Simple hypothèse qui n'exclut pas le rythme ; en revanche concernant le calembour, j'ai un doute, mais comme je n'ai pas lu le livre et ne suis pas allé voir d'extraits, je ne saurais être affirmative.


----------



## Nicomon

J'ai compris la même chose que Reynald et nicduf : _ année après année / une année après l'autre.   _
Plutôt que de les enchaîner, on les empile_, _comme on empile livre sur livre._ _

Les expressions vieillissent moins vite de ce côté-ci de l'Atlantique.
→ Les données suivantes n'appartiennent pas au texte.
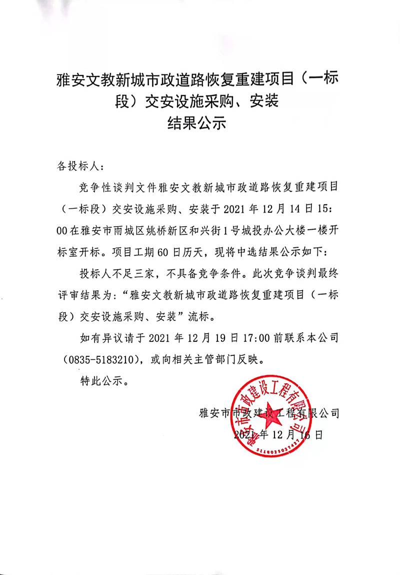 雅安文教新城市政道路恢復(fù)重建項目(一標段)交安設(shè)施采購、安裝結(jié)果公示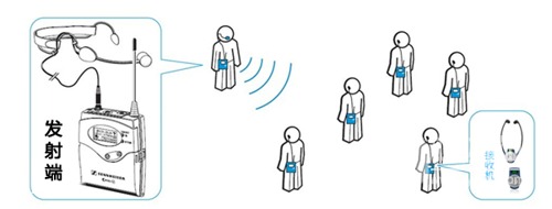 根據(jù)設備傳輸原理,現(xiàn)階段語音導覽系統(tǒng)可通過2.4G或U段兩種無線射頻技術進行信號傳輸。會場人員只要攜帶語音接收機,即可收聽語音信息,系統(tǒng)構成簡單,操作方便。市面上的語音導覽系統(tǒng)多為單通道信號傳輸,通過特制也可以實現(xiàn)多通道語音傳輸。但由于其技術本質只能一個頻點傳輸一路音頻,因此如果要實現(xiàn)多路語音輸出,就要占用多個頻點,使用過程中,頻點為固定設置,若遇到干擾無法及時調整。另一方面由于導覽系統(tǒng)的發(fā)射距離有限,一旦會場較大,需要通過配備多個天線擴展器擴大覆蓋范圍。

Je suis à peu près certaine de l'avoir entendu, ou lu dans des livres assez récents.
Tout comme  « semaine sur semaine », « jour sur jour », « heure sur heure ».

Autres exemples copiés au hasard :





> « Vois-tu, j'étais resté sans but tout un hiver laissant venir et couler les jours à leur guise, s'ajouter semaine sur semaine, mois sur mois [...] »
> - Le désir de vengeance s'accroît ainsi, jour sur jour, heure sur heure, minute sur minute, seconde sur seconde.
> - Semaine sur semaine, jour sur jour, heure sur heure, il jouait, dans le fol espoir de réparer ses pertes.
> - Car ils se déroulent semaine sur semaine, mois sur mois, année sur année, et saison sur saison, comme nous le voyons par le mouvement du soleil et de la lune, du printemps, de l’été et ainsi de suite.


 Je n'ose pas mettre les équivalents sur ce forum Français, mais on fait aussi une distinction en anglais entre _année sur année_/_année après année. _
Ce n'est pas le cas ici, mais on l'entend parfois dans le même sens que « _d'une année sur l'autre _» (_en glissement annuel_).


k@t said:


> *année sur année* est suranné, sans doute, mais correct.


 Si on le lit à voix haute, on dirait presque un jeu de mots.


----------



## k@t

Nicomon said:


> Si on le lit à voix haute, on dirait presque un jeu de mots.


Vi, c'était fait exeuprès.


----------